27 jan, 2017
Muitos cristãos em Portugal e nos EUA consideram que o filme “Silêncio” é uma concessão ao relativismo pós-moderno. Apesar de bem-intencionada, esta visão não faz sentido, porque contamina com o ar do século XXI um filme que é uma parábola do inferno.
O filme passa-se no Japão do século XVII, mas podia ter como palco o Portugal das invasões francesas ou a Síria de hoje. Não devemos portanto contaminar com o ruído do nosso tempo uma metáfora universal e intemporal. Sim, claro que podemos e devemos combater o relativismo epistemológico pós-moderno. Afinal de contas, não foi Trump que inventou o pós-verdade. A esquerda pós-moderna é que passou as últimas décadas a destruir a dignidade académica e moral da verdade, quer através do relativismo epistemológico (não há verdade empírica e objectiva, só percepções) e do relativismo cultural (não há verdade moral universal, o bem é sempre relativo ao contexto).
Mas levar este combate para o “Silêncio” é estar a confundir as coisas. Até porque o filme não é uma aprovação da privatização da fé. É verdade que um dos efeitos da atmosfera pós-moderna e ateia em que vivemos é a retirada da igreja e do discurso religioso para a vidinha privada e a monopolização do espaço público pelo discurso laico, positivista, científico, legalista, etc. Podemos e devemos combater esta cultura. Aliás, esta coluna é um humilde esforço nesse sentido.
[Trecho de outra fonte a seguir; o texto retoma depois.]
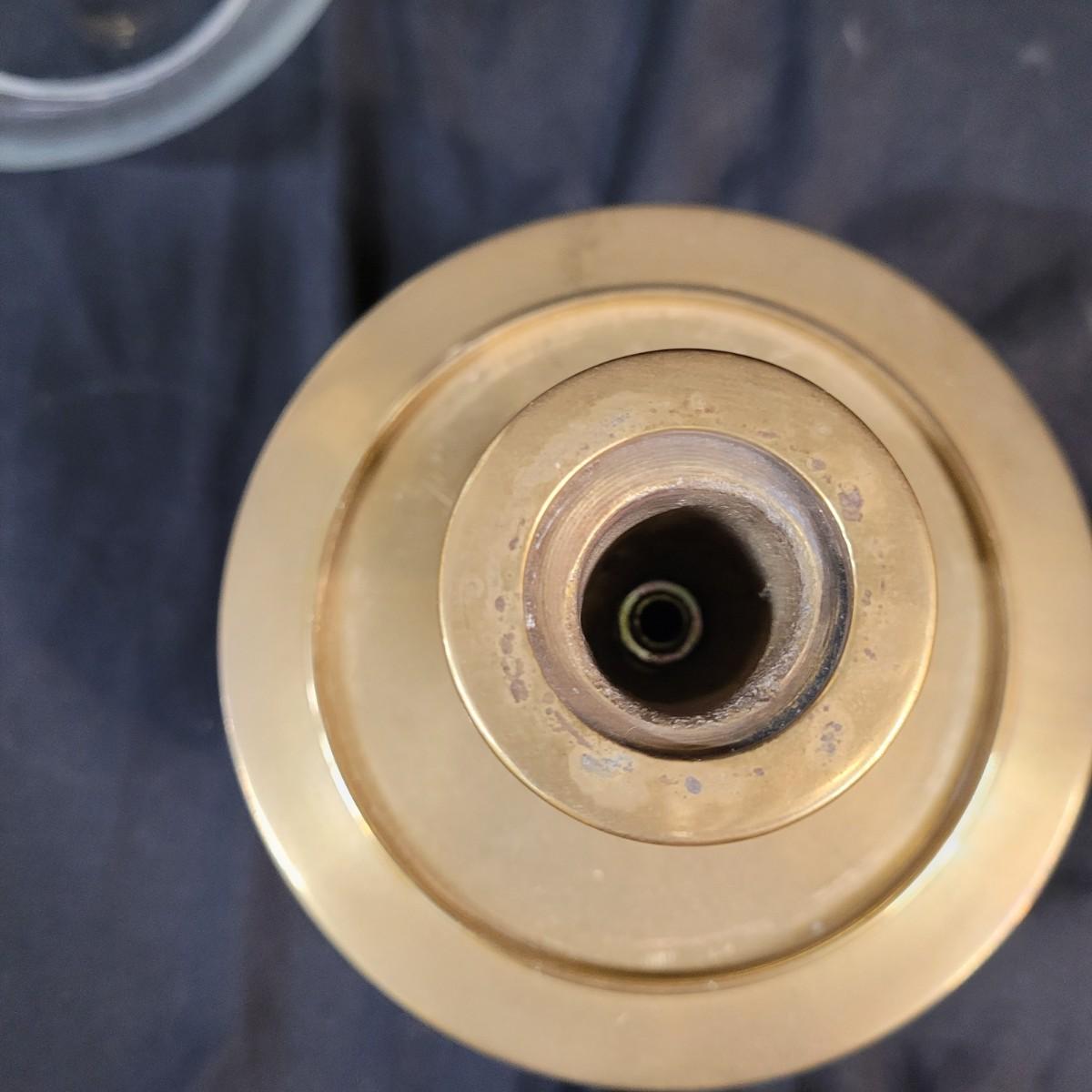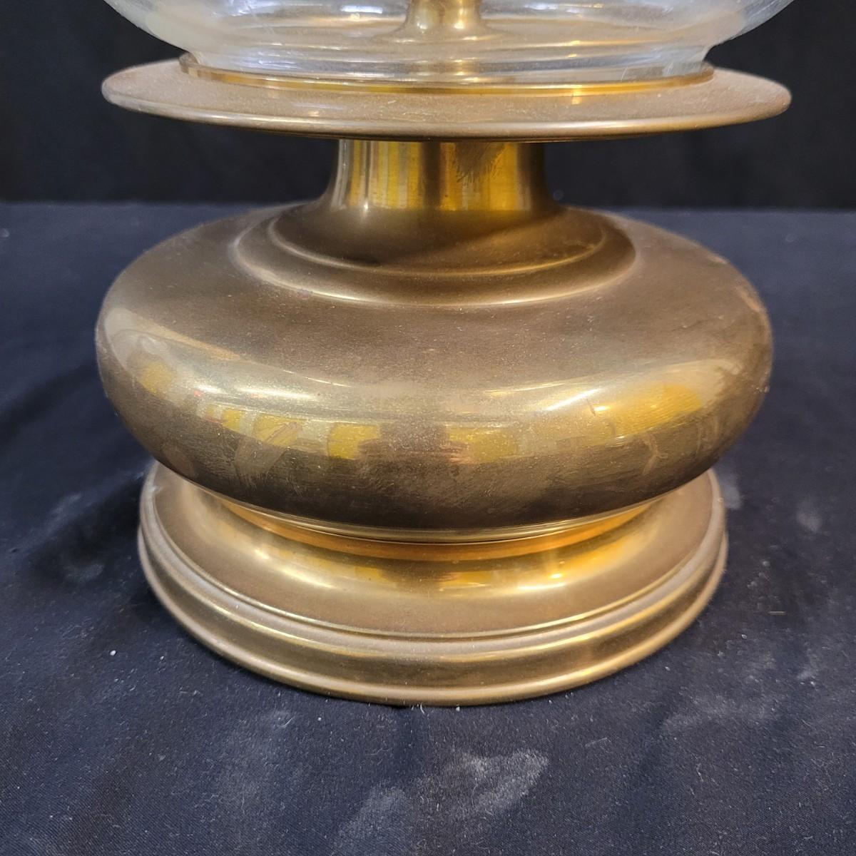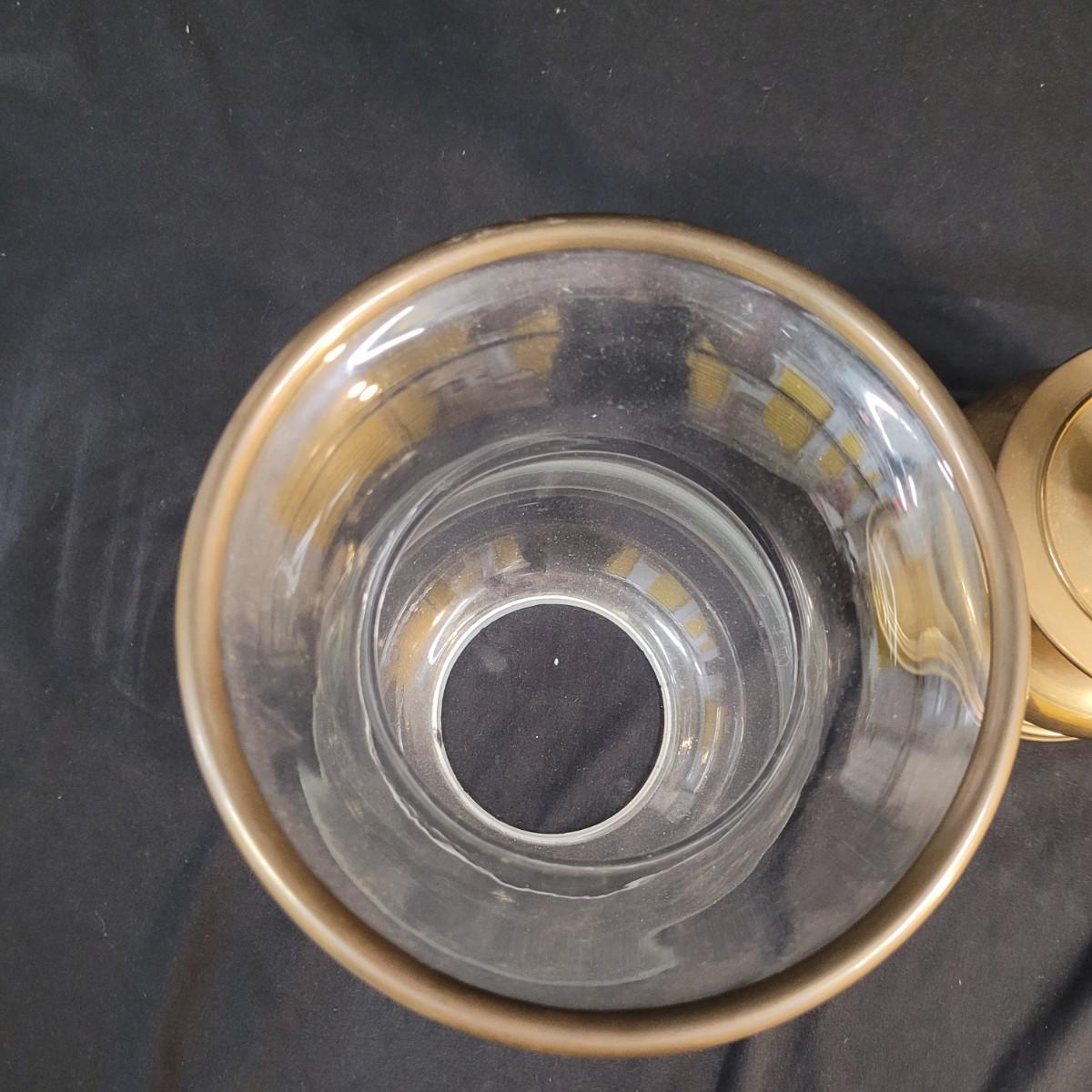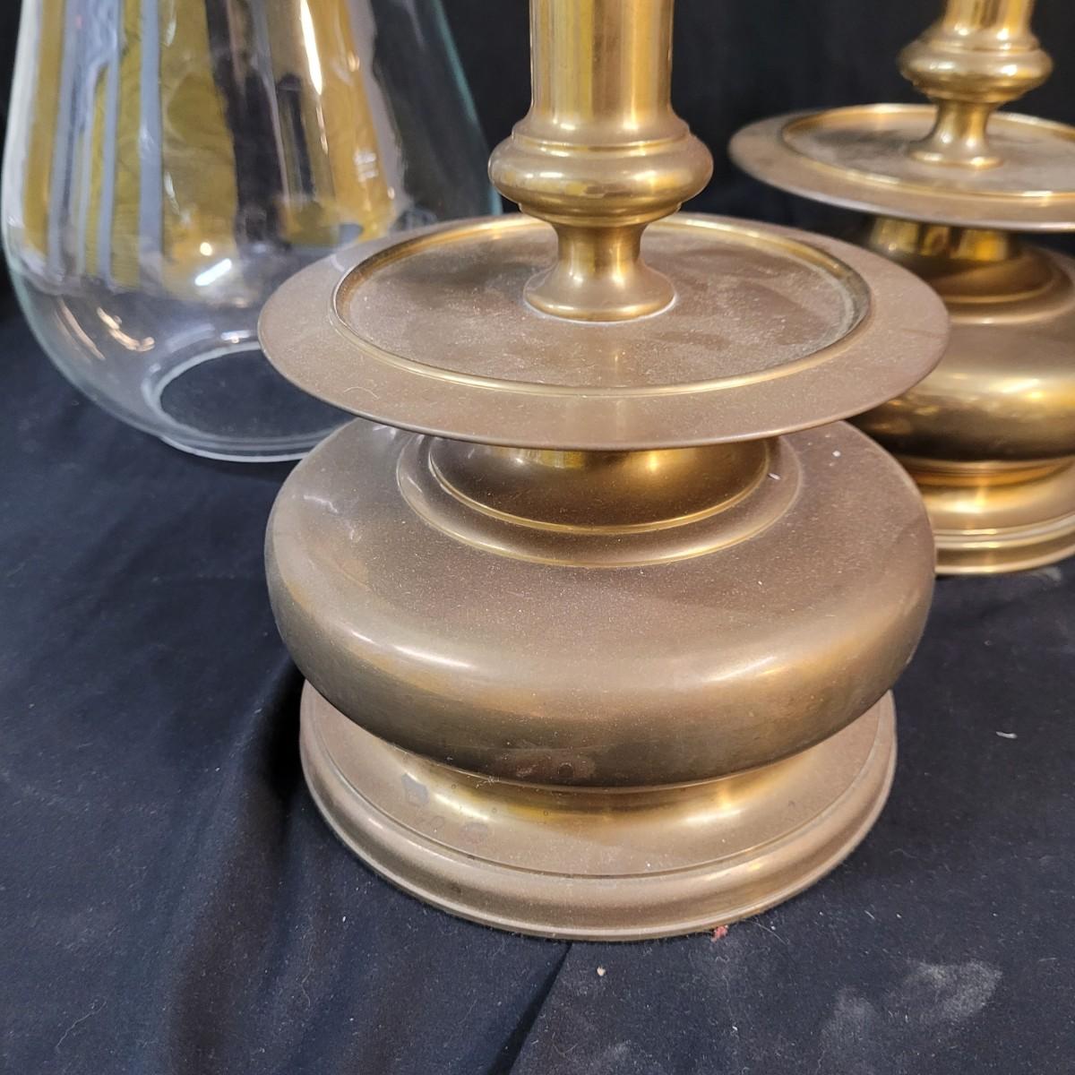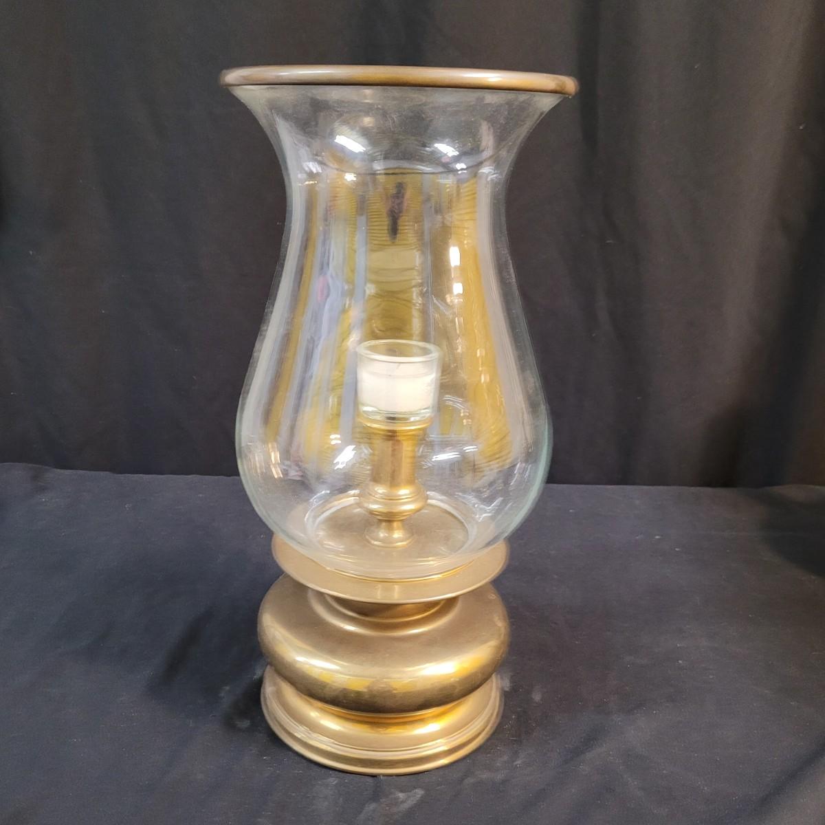 Two Brass Votive Candle Holders with One Glass Hurricane Globe (C-D-CE)

Ser cristão não é fechar a fé no quarto, é falar à cristão na cidade. Mas, mais uma vez, é um erro associar esta luta ao filme “Silêncio”.
Tendo em conta que a personagem central do filme (o jesuíta Rodrigues) faz uma apostasia pública para depois desenvolver em privado a fé, não poderíamos assumir que Scorsese defende a tal privatização pós-moderna da religião? Não. É um absurdo comparar a paz e a tranquilidade da nossa sociedade ocidental em 2017 com aquele Japão infernal. Se queremos fazer comparações históricas, devemos comparar aquele Japão não com o Ocidente de 2017, mas com a Síria ou Iraque de 2017. Nestes países, os cristãos estão a ser assassinados agora mesmo, as cristãs estão a ser violadas agora mesmo, as crianças cristãs estão a ser vendidas agora mesmo; além disso, os islamitas estão a exigir aos cristãos uma renúncia pública da sua fé e uma conversão ao islão; se recusarem, serão assassinados ou ficarão sem os filhos. Esta é mais ou menos a situação que o jesuíta Rodrigues enfrenta no filme.
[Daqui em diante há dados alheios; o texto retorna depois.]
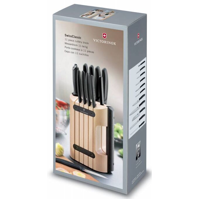Набор ножей кухон. Victorinox Swiss Classic (6.7153.11) компл.:11шт с подставкой черный подар.коробка
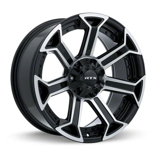RTX Offroad Wheels Peak Gloss Black Machined 8-Lug Wheel; 18x9; 18mm Offset - Enhance your vehicle's style with the RTX Offroad Wheels wheel. This wheel's distinctive design and finish complement your vehicle's aesthetics, making a bold statement. It's crafted to accentuate the unique character of your car, emphasizing a premium and robust appeal.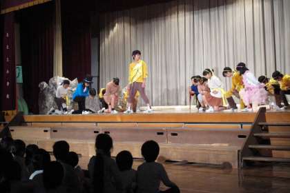 6年生が最後の舞台を演じ切りました。練習の成果を出し切って・・・今までのどの演技よりもすばらしい劇になるように、自分の力の限りを出し切りました。ほんとうによく頑張りました。ライオンキングの世界を創り上げました。6年生の皆さん、すばらしい劇をありがとう。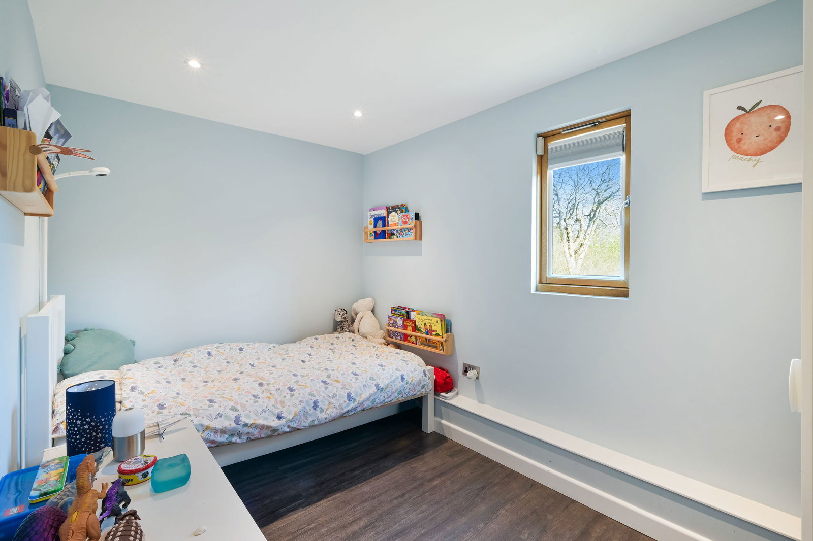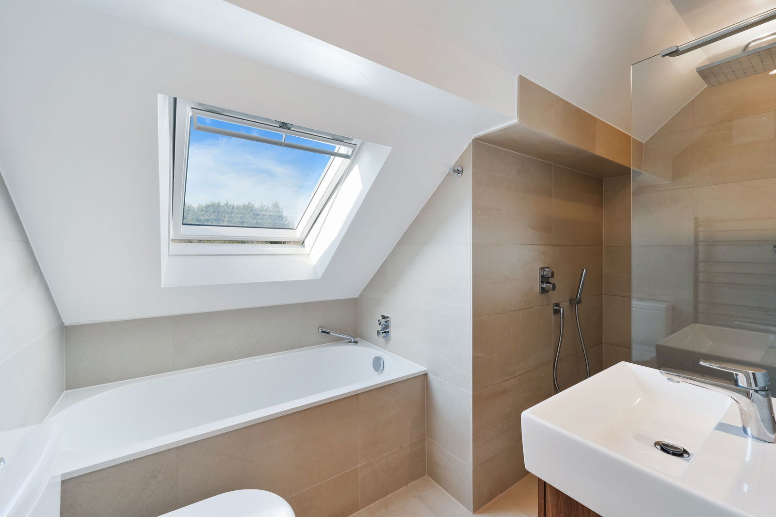 The principal bedroom is a serene retreat, featuring bespoke fitted wardrobes by John Lewis and a floor-to-ceiling window that frames delightful views. The en-suite wet room is elegantly finished with Villeroy & Boch tiles, sink and WC, complemented by Keuco chrome accessories and a Velux window for natural light.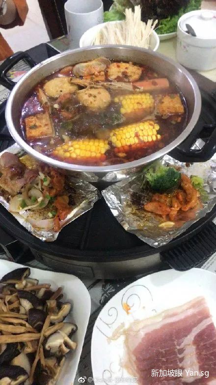 Qian倩-因你而爱:在家和朋友同事一起吃烤肉火锅~~第一个在新加坡的春节~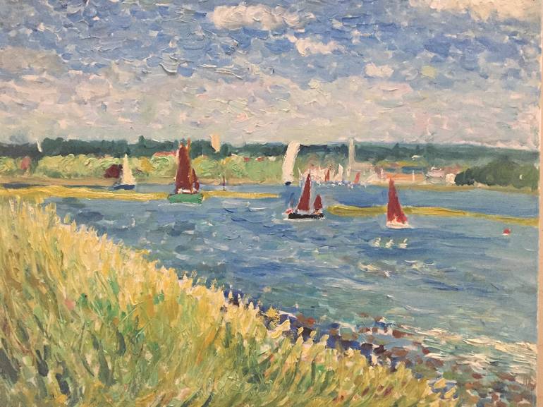 Summer on the river bank.The tide is coming up,and with it the wind ,on a fine Summers day enticing the sailing fraternity as they tack around the entrance to Woodbridge.Paint the river in shades of blue and green,the white wake of a passing boat,the lapping waves ,the grasses on the bank in greens ...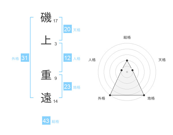 磯上 重遠さんを姓名の画数から五運を鑑定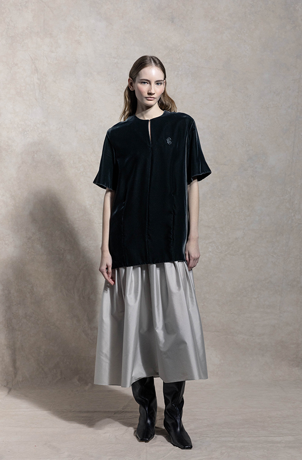 长裙设计,营造慵懒浪漫气质。· 深灰浅灰拼色,高级丝绒与轻薄丝光棉布拼接,层次分明,混搭风格独特。· 领口迷你挂钩设计,可闭合或呈小V领。· 多场合适穿,通勤、休闲或派对皆可展现自在风格。

Portanto, assumir que “Silêncio” é um elogio do relativismo e da apostasia é o mesmo que aceitar como genuína a conversão ao islão de um cristão que está a ver uma faca islamita encostada à garganta da filha. Quem sou eu para considerar como apóstata ou relativista um homem que sabe que a sua filha pode ser violada ou vendida como escrava sexual se não renunciar ali mesmo à fé? O que isso importa perante a gravidade da situação? E, já agora, qual é a validade jurídica e moral de uma apostasia feita debaixo de tortura? Rodrigues faz apostasia não para se salvar a si mesmo, mas para salvar outras pessoas. Ele toma aquela decisão não no conforto de uma sociedade próspera e pacificada, mas no meio do inferno. E, no inferno, o mal-menor não é relativismo, é decência. No inferno, é impossível defender a fé sem sujar as mãos, sem beliscar o legalismo. Não perceber isto é cair na arrogância do fariseu que julga os outros só através da letra da lei.
Assumir que “Silêncio” é um elogio ao relativismo só porque os jesuítas renunciaram publicamente à fé é o mesmo que dizer que as igrejas católicas clandestinas que resistiram a diversas ditaduras ateias também eram relativistas.
Tomas Halik, por exemplo, foi padre clandestino na Praga comunista. Não conheço a história dos primeiros cristãos das catacumbas pré-Constantino, mas aposto que esse cenário não terá sido muito diferente daquele que Rodrigues enfrentou no Japão e que os checos e polacos enfrentaram nos períodos mais negros da repressão comunista. Passar à clandestinidade, mentindo ao poder político, pode ser um acto cristão. Nós não devemos obediência aos ídolos nacionalistas nem sacralizamos o direito positivo. A verdade está noutro lado. A prova disso é que o cristianismo sobreviveu no Japão até hoje. Quando o Japão do século XIX (era Meiji) se abriu de novo ao exterior, alguns visitantes ocidentais repararam que muitos japoneses ainda eram cristãos. A clandestinidade resultara. Se tivesse sido o mártir perfeito na busca arrogante da cruz, Rodrigues não teria contribuído para esta sobrevivência da fé no inferno.